日本財団 図書館


But as the handover approached, many expats who had worked in the civil service for decades, married locals and had children whose loyalties and culture are much more a part of Hong Kong than their expat parent's home country, found they wanted to stay. Some, especially those who left the civil service in the boom years leading up to the handover, found jobs in the private sector.

Harris noted that Rowan Callick, The Australian Financial Review's correspondent in Hong Kong, spent months trying to convince the Immigration Department to allow him to continue working in Hong Kong. "Although employed by one of Australia's largest media organizations, he had to ask me to act as his official sponsor in order to satisfy the exacting requirements laid out by the Immigration Department."

 

Willy Wo-lap Lam alone is worth the price of admission to any anthology in which he appears and this one is no exception. Lam is probably the most readable and well informed China Watcher writing in the English-language. He is Associate Editor and China Editor of the South China Morning Post and his China after Deng Xiaoping: The Power Struggle in Beijing Since Tiananmen, (John Wiley & Sons, Singapore, 1995) is a classic. His The Era of Zao Ziyang (1989) is likewise an excellent work. Lam is an up-front type of gentlemen. I once sent a note to him in Hong Kong from Taipei, where I was on a teaching fellowship at National Chengchi University. On receiving the note, Lam picked up the telephone and called me right away in Taipei so we could talk while the issue was still hot.

That was my personal introduction to Lam, after reading his China-watching pieces for years.

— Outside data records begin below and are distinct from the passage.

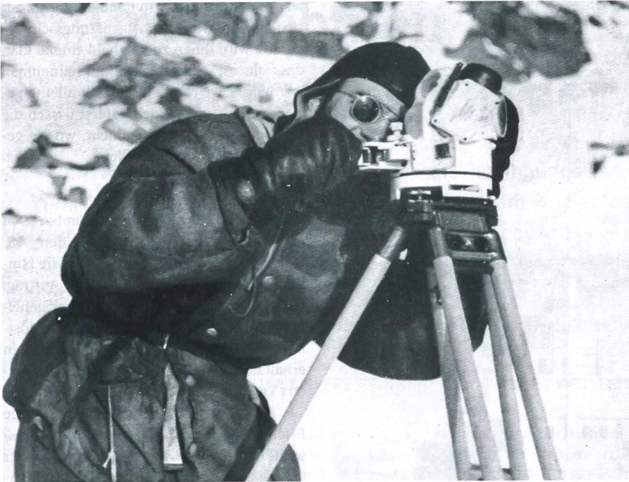
Der Wetterballon wird vom Wetterteam mit einem Theodoliten verfolgt.

Versuch soll schnellstmöglich angegangen werden, denn die Zeit drängt. Die Wetterstation muss vor dem Beginn des arktischen Winters mit der Übermittlung der Wetterdaten beginnen.
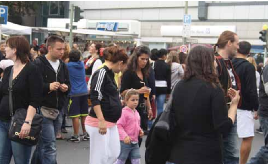
Auf der Müllerstraße

Über 60 Unternehmer rund um die Müllerstraße laden zum 29. Februar mit dem Aktionstag „Ein geschenkter Tag“ in ihre Geschäfte ein.
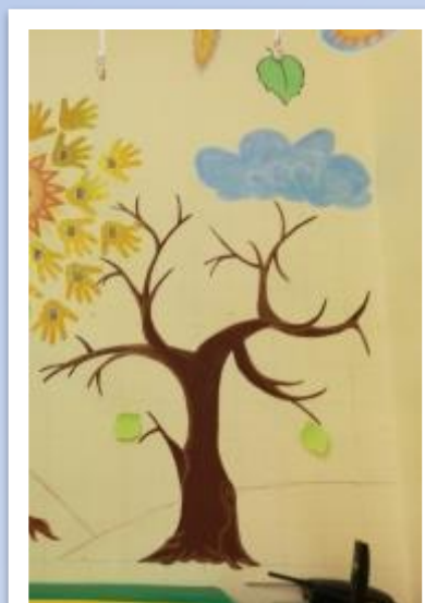
Традиция группы: «Книжное дерево»

На «книжном» дереве появляются листочки, на которых родители записывают название книг, прочитавших с ребенком дома.
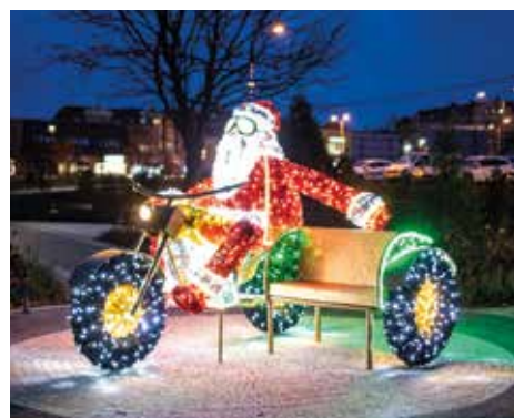
Święty Mikołaj na motocyklu
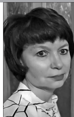
Бібліятэкар Барысаўскай цэнтральнай раённай бібліятэкі імя І.Х. Каладзева

The article provides an overview of the must visit libraries in Moscow according to young employees of the National Library of Belarus.
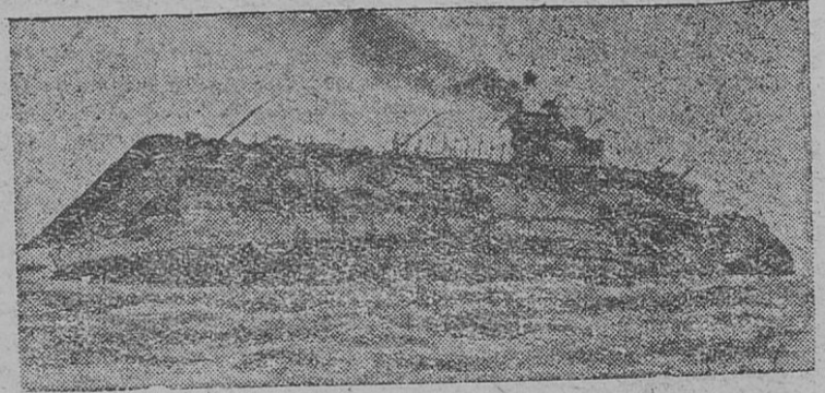
Гибель английского авианосца „Корейджис“ потоплен ного германской подводной лодкой.

Германская авиация, кроме поддержки наступающих войск, совершила разведывательные полеты над восточным и южным побережьем Англии.
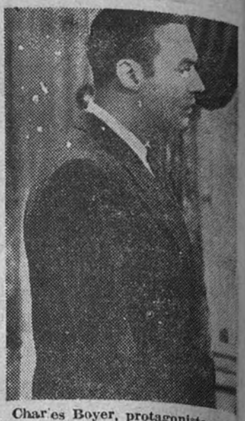
Charles Boyer, protagonista, con Bette Davis, de la superproducción "El cielo y tú", anunciada para hoy en el Palacio de la Música. Por el largo metraje del film se ruega la puntual asistencia del público

Hoy sale el extraordinario de extraordinarios cinematográficos. ¡100 páginas! ¡Algo distinto a todo! ¡Superior a cuanto se ha hecho! ¡Un canto al cine universal. El alarde cinematográfico de la temporada, editado por
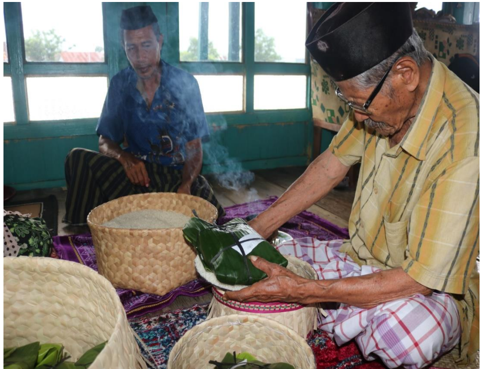
Foto 10. Ritual Ammune Kanre Maudu oleh Anrongguru
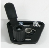
XFF060001 Freno standard
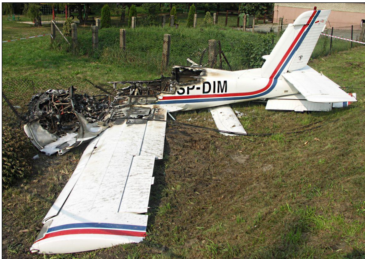
13 – Wrak samolotu, lewa strona. Widoczna strefa wypalenia kadłuba, zespołu napędowego i lewego skrzydła. Spod kadłuba wystaje oderwana kłapa prawego skrzydła.
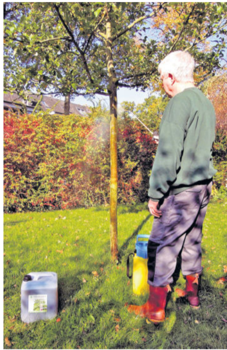
Mittel zur Pflanzenstärkung kräftigen Bäume und fördern das Bodenleben. So kommen die Pflanzen besser durch den Winter.

(djd). Kirschen im Frühsommer, Pflaumen im Hochsommer, Zwetschgen, Äpfel und Birnen im Herbst: Ein clever angelegter Obstgarten versorgt uns fast das ganze Jahr über mit frischen Vitaminen. Und er bietet den Vorteil, dass man genau weiß, wo die Früchte herkommen und dass sie rein biologisch angebaut sind. Die beste Zeit, um neue Obstbäume zu pflanzen, ist der Herbst. Die jungen Bäumchen haben dann bereits ihr Laub verloren und können ihre Energie in die Wurzelbildung am neuen Standort stecken.

A Hong Kong native and graduate of the University of Minnesota, Lam tells about the Xinhua News Agency role in Hong Kong in his chapter "Beijing's Hong Kong Policy in the First Year of Transition."

In the political arena, the policy of qualified non-interference could be better understood in the context of the strategy of zhuada fangxiao (taking a firm grip of the major things and letting the minor ones to free). This game plan, which was originally conceived for the reform of the country's intractable state-owned enterprises (SOEs), was confirmed at the pivotal 15th party Congress of September 1997.

Zhuada fangxiao has applications galore for Chinese - and particularly SAR - politics. The bottom line is control. It is no accident that while to the casual visitor nothing has changed in Hong Kong, deep-seated alterations have taken place in the power structure. The facade of tranqulity has been achieved thanks to the fact that, contrary to some doomsday scenarios, Chinese organs in Hong Kong such as the Hong Kong anti Macao Work Committee (HKMWC) and Xinhua--respectively the underground CCP master-cell and Beijing's mission in Hong Kong--have assumed a generally low profile since July 1, 1997. Yet there is little doubt that a new elite is running the show. And Beijing will remain reassured--and its interventionist instincts diluted--so long as this new power structure remains in the hands of politicians trusted to toe Beijing's line.